A lot of big customers want to have open file formats to give them the options…So data interoperability is very much a thing and our AI products can generally act on data that is sitting in cloud storage as well.
We do expect a number of our large customers are going to adopt Iceberg formats and move their data out of Snowflake where we lose that storage revenue and also the compute revenue associated with moving that data into Snowflake.
Instead of locking the data in one database, customers prefer to have it in open formats like Apache Arrow, Apache Parquet, Apache Iceberg.
As data use inside of an enterprise has expanded, so has the diversity of demands on that data.

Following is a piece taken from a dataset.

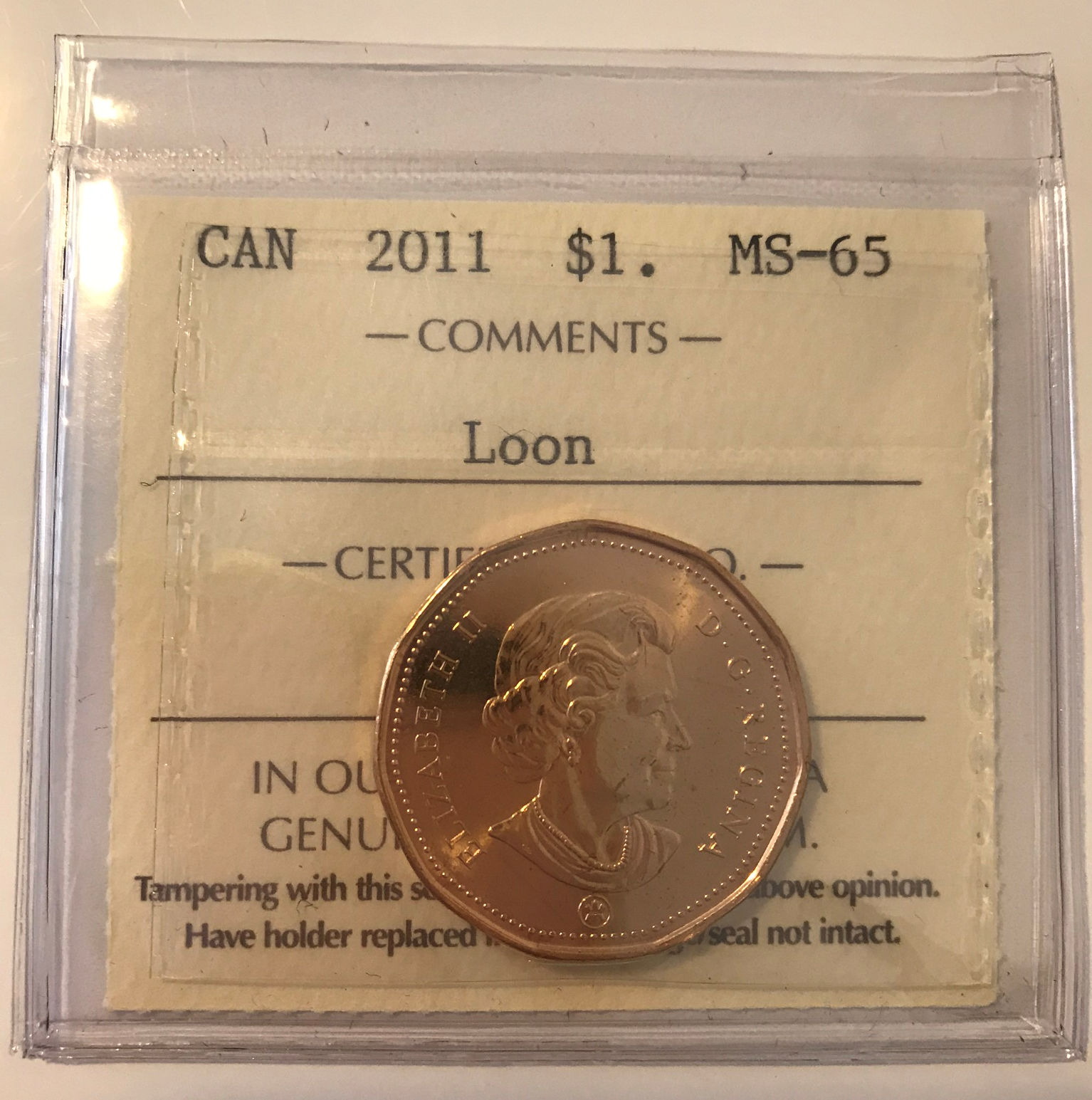 2011 Canada $1 Loon ICCS MS65

Rather than copying it each time for a different purpose whether it’s exploratory analytics, business intelligence, or AI workloads, why not centralize the data and then have many different systems access it?
This saves money : Storage is about $280m-300m overall for Snowflake.
As a reminder, about 10% to 11% of our overall revenue is associated with storage.
But it also simplifies architectures.
It also ushers in an epoch where the query engines will compete for different workloads with price & performance. Snowflake may be better for large-scale BI ; Databricks’ Spark for AI data pipelines ; MotherDuck for interactive analytics.
Data warehouse vendors have marketed the separation of storage & compute in the past. But, that message was about scaling the system to handle bigger data within their own product.
Customers demand a deeper separation – a world in which databases don’t charge for storage.